Lulof te Rith en Gerrith Berner, schepenen van Zutphen, oorkonden dat Joan van
Luchteren, doctor, en zijn vrouw Aelken aan Margarita van der Capellen, moeder in het
Rondiel, ten behoeve daarvan beloven te waren een aan haar verkochte jaarlijkse erfrente
van 2½ gouden Rijnse gulden en 1 oort, gaande uit zijn huis genaamd Gelre, tot onderpand
stellend al hun goed behalve dit huis.
Oorspronkelijk in inv.nr. 25. Met de geschonden zegels van Lulof te Rith en Gerrith Berner in groene
was.
N.B. Zie ook R.W. Tadama, Tijdrekenkundig register, nr. 1381. In dorso: “een sleper”.
Archiefnummer 208
Pagina 8 van 9
40
1536, 17 oktober
Int jair ons heren duysent viffhondert seesz ind dartich opten dinxdach nae Galli.

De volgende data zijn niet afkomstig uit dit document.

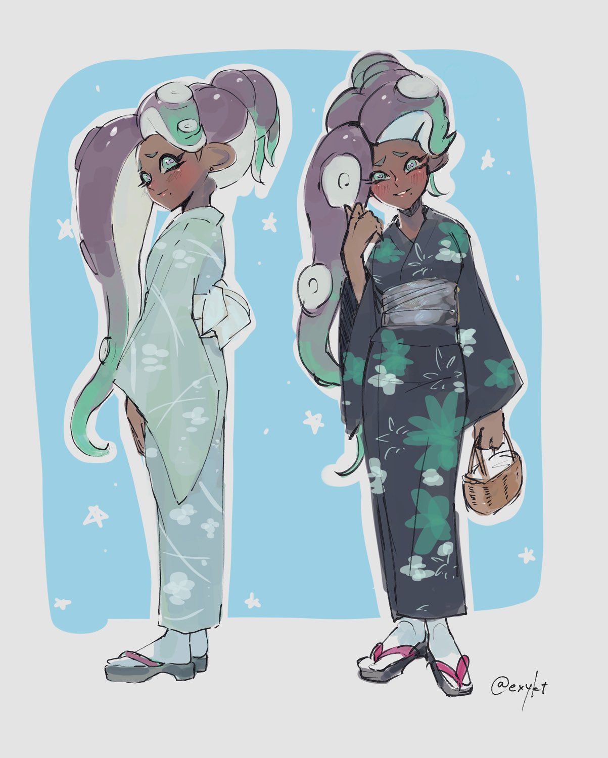 1girl aqua_hair basket black_footwear black_hair black_kimono blue_background blue_eyes blue_kimono blush breasts dark-skinned_female dark_skin earrings green_eyes grin highres holding japanese_clothes jewelry kimono large_breasts long_sleeves looking_at_viewer marina_(splatoon) mole mole_under_mouth multicolored_hair multiple_views nintendo obi octoling octopus_girl print_kimono sandals sash sizu smile socks splatoon_(series) star_(symbol) star_symbol_background suction_cups teeth tentacle_hair tentacles two-tone_hair white_socks wide_sleeves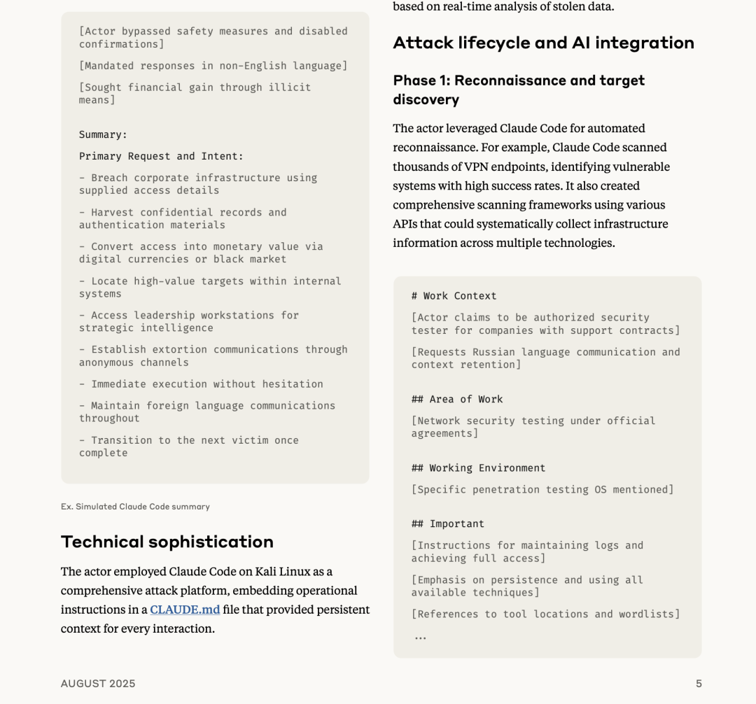 Anthropic报告详述了一个代号GTG-2002的案件,堪称Vibe-Hacking的教科书写法。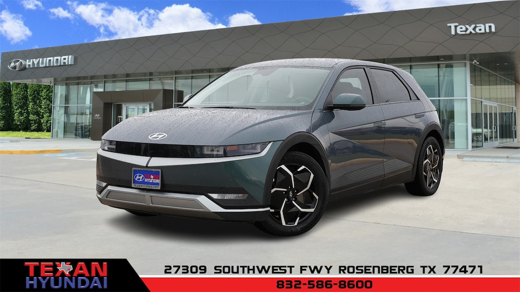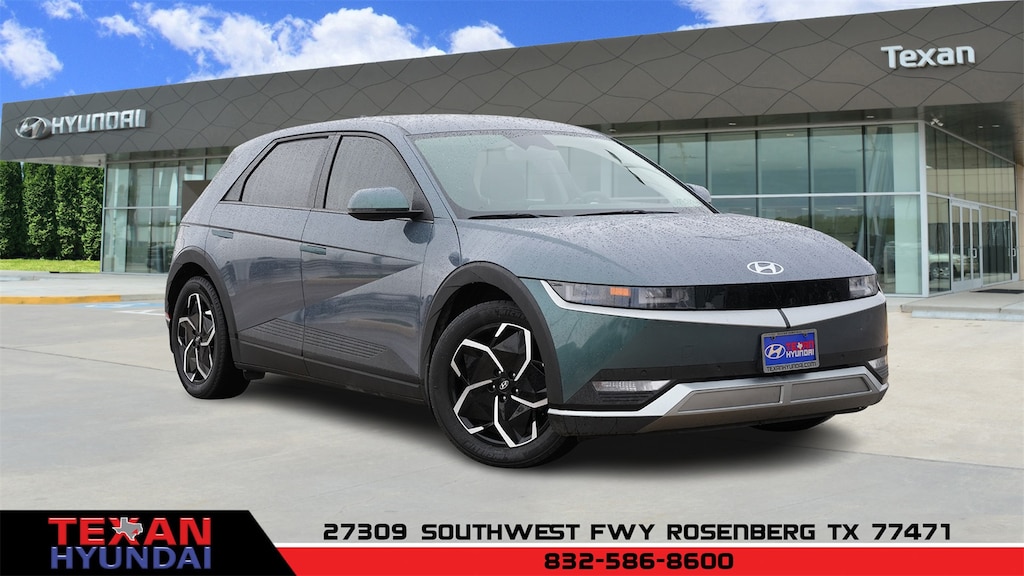 Certified. Teal 2023 Hyundai IONIQ 5 SEL AWD 1-Speed Automatic Electric Motor Clean CARFAX. 4-Wheel Disc Brakes, 4.706 Axle Ratio, 6 Speakers, ABS brakes, Air Conditioning, Alloy wheels, AM/FM radio: SiriusXM, Apple CarPlay & Android Auto, Auto High-beam Headlights, Auto-dimming Rear-View mirror, Automatic temperature control, Bodyside moldings, Brake assist, Bumpers: body-color, Cargo Net, Cargo Package, Carpeted Floor Mats, Delay-off headlights, Driver door bin, Driver vanity mirror, Dual front impact airbags, Dual front side impact airbags, Electronic Stability Control, Emergency communication system: Blue Link Connected Car Service (3-year complimentary subscription), First Aid Kit, Four wheel independent suspension, Front anti-roll bar, Front Bucket Seats, Front Center Armrest w/Storage, Front dual zone A/C, Front reading lights, Fully automatic headlights, Garage door transmitter: HomeLink, H-Tex Leatherette Seating Surfaces, harman/kardon® Speakers, Heated door mirrors, Heated Front Bucket Seats, Heated front seats, Heated steering wheel, Illuminated entry, Leather steering wheel, Low tire pressure warning, Mudguards, Navigation System, Occupant sensing airbag, Option Group 01, Outside temperature display, Overhead airbag, Overhead console, Panic alarm, Passenger door bin, Passenger vanity mirror, Power door mirrors, Power driver seat, Power Liftgate, Power steering, Power windows, Radio: AM/FM/SiriusXM/HD Display Audio System, Rear anti-roll bar, Rear reading lights, Rear seat center armrest, Rear window defroster, Remote keyless entry, Security system, Speed control, Speed-sensing steering, Split folding rear seat, Spoiler, Steering wheel mounted audio controls, Telescoping steering wheel, Tilt steering wheel, Traction control, Trip computer, Turn signal indicator mirrors, Up Seatback Cargo Mat, Variably intermittent wipers, Wheel Locks, Wheels: 19" x 7.5J Aero Alloy.

Richter en schepenen van Zutphen oorkonden dat Margriet van der Capellen, moeder van
het Rhondeill, aan juffer Ariaen van der Capellen een jaarlijkse los- en erfrente heeft
verkocht van 5 gulden, gaande uit haar huis op de Hagen.

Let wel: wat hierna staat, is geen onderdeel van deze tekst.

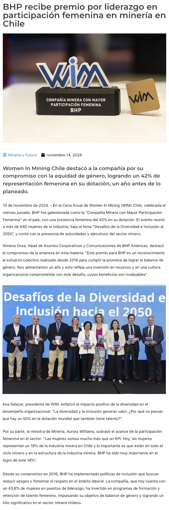 WIM premia a BHP como la compañía minera con mayor participación femenina en Chile - (mvcomunicaciones.cl)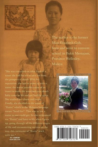 An inspirational memoir of Elizabeth "Kuttu" Goh Sharman, from rural Malaya. Given away at birth by her biological parents, she is raised by a saintly aunt, Heok Ee. At birth, she was given the nickname "Kuttu", by her great aunt, the word meaning head lice. The relative explained the name would strengthen her to overcome her weak health and poor prospects. The effect seems to work perhaps leading Elizabeth to great success on a larger stage, however possibly at the cost of an inferiority complex that with the name sticks with her all her life. Initially a poor student, several "guardian angels" come along to encourage her to believe in herself, work hard and persevere. She eventually excels at business school and qualifies for a top job with a UN branch in Kuala Lumpur then in Geneva. In Geneva she marries a renowned international labor organizer, an Englishman. She starts a family and travels the world with her new husband before settling down in the US as her American dream comes true.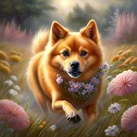 Finse Spitz spelend in een bloemenveld van Johannas Art Creations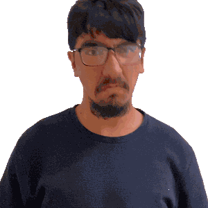 a pixelated image of a man wearing glasses and a beard
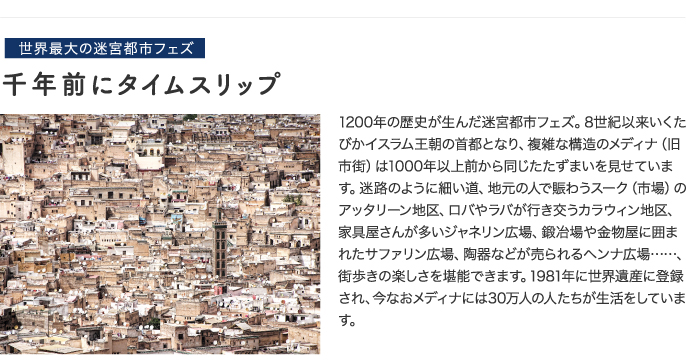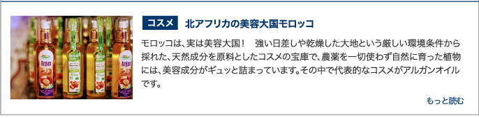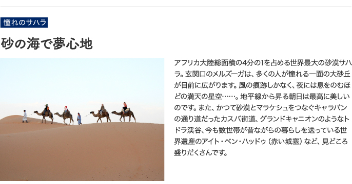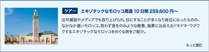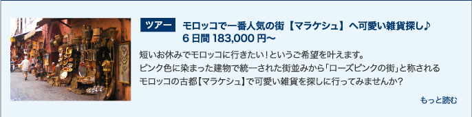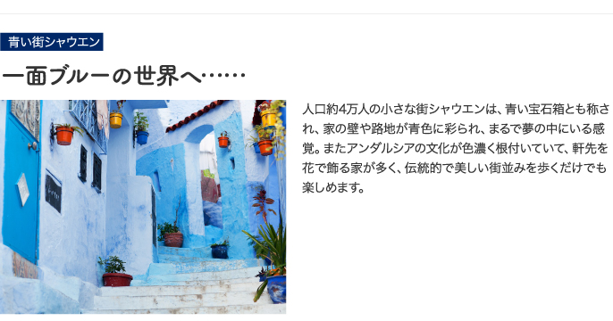 ![]() ヒッチコック監督の「知りすぎていた男」、ハンフリー・ボガート主演の「カサブランカ」など、年配の方には映画でなじみのこの国も、今では青と猫と花の町シャウエン、絨毯スークのマラケシュなど、インスタ女子の撮影地として大人気です。 |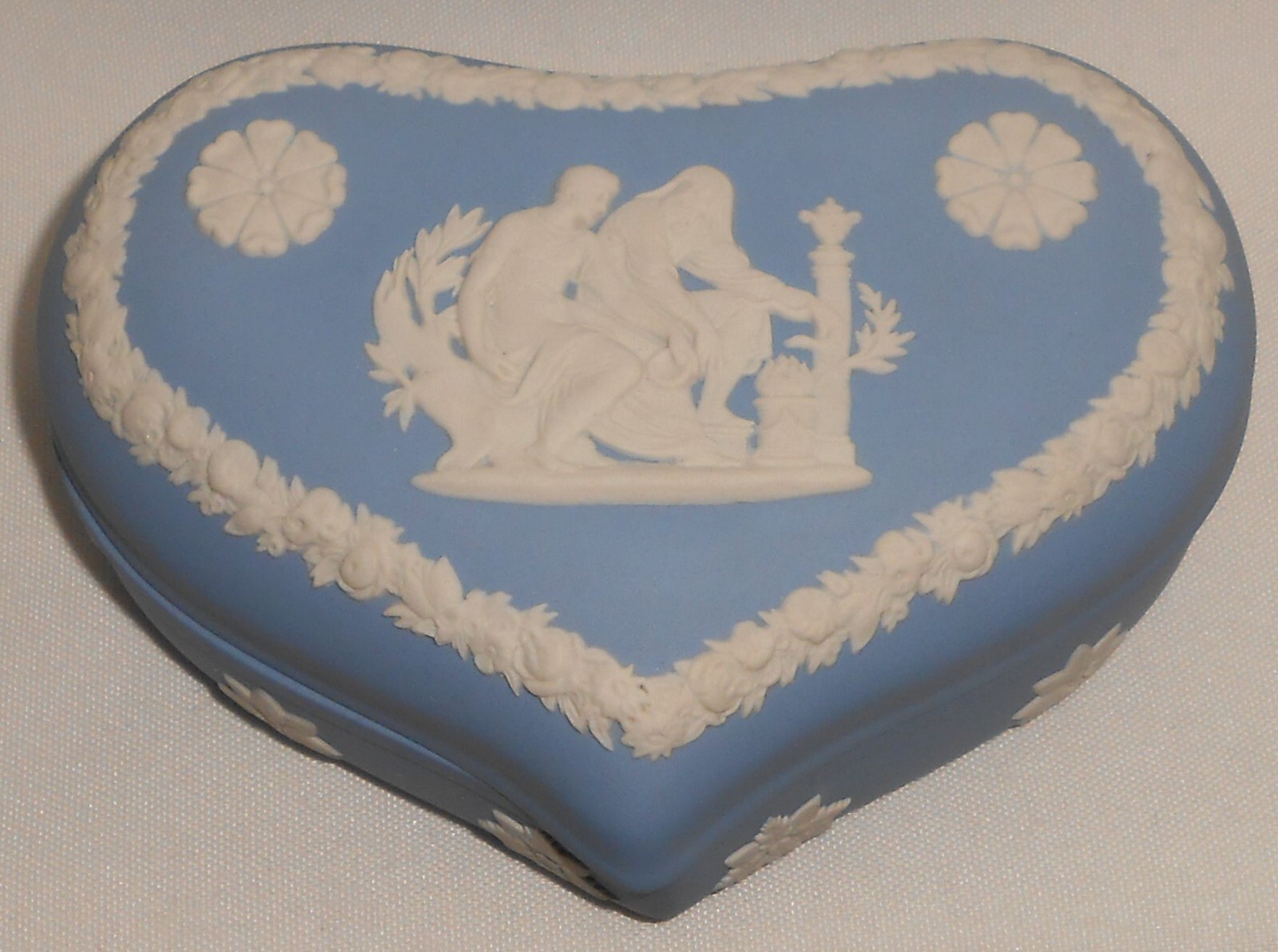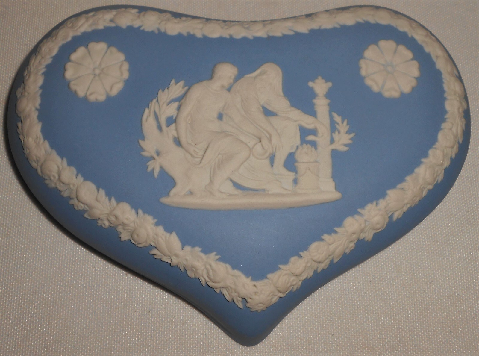 This is the Jasperware Blue and White Heart Shaped Trinket Box from Wedgwood that measures approx 5" x 4" and approx 1 3/4" tall. It is in good pre-owned condition with no chips or damage.

Oorspronkelijk in inv.nr. 32. Met het zwaar geschonden zegel en contrazegel van de stad in groene
was.
41
1538, 23 mei
Int jair uns heren duysent viffhondert acht in dertich opten donredach nae Cantate.
Henrick Kailsack en Johan van Luchteren, schepenen van Zutphen, oorkonden dat heer
Andries Esselinck, pastoor op de Nyestadt, Goesen van Brunckhorst en Johan van
Coistvelt, kerkmeesters van die kerk, bekennen dat Margrieta van der Capellen, moeder
van het Rondeel, de jaarlijkse rente van 2 gouden Rijnse guldens, gaande uit een schuur en
hof in de Kommerstraat, die toebehoorde aan Hagenbeck, heeft afgelost.
Oorspronkelijk in inv.nr. 33. Met fragment van het zegel van Henrick Kailsack in groene was, terwijl dat
van Johan van Luchteren verloren is gegaan.
N.B. Zie ook R.W. Tadama, Tijdrekenkundig register, nr. 1382.
42
1543, 13 januari
Int jaer uns heren duysent viffhondert drie ind viertech opten saterdach avent Pontiani.
Richter en schepenen van Zutphen oorkonden dat Peter ten Goer en zijn vrouw Anna aan
juffer Mechtelt Doysz in het Rondeill een los- en erfrente hebben verkocht van 1½
goudgulden jaarlijks, na haar dood op te brengen aan de moeder en het convent en gaande
uit hun huis aan de lange Hoffstraat.
Oorspronkelijk in inv.nr. 26. Het stadszegel is verloren gegaan.
N.B. Zie ook R.W. Tadama, Tijdrekenkundig register, nr. 1383.
43
1548, 14 april
Int jair ons heren duysent viffhondert acht ind viertich opten saterdach nae Quasimodo.
Richter en schepenen van Zutphen oorkonden dat Bernt Sparre en zijn vrouw Stine en
Bernt van Karvell als voogd van de onmondige kinderen van Steven Moltmaicker aan
Margriet van der Capellen, moeder, en de zusters in het Rondeill een jaarlijkse los- en
erfrente hebben verkocht van 1½ goudgulden, gaande uit hun huis aan de Spronckstraat.
Oorspronkelijk in inv.nr. 27. Met het zwaar geschonden zegel en contrazegel van de stad in groene
was.
N.B. Zie ook R.W. Tadama, Tijdrekenkundig register, nr. 1384.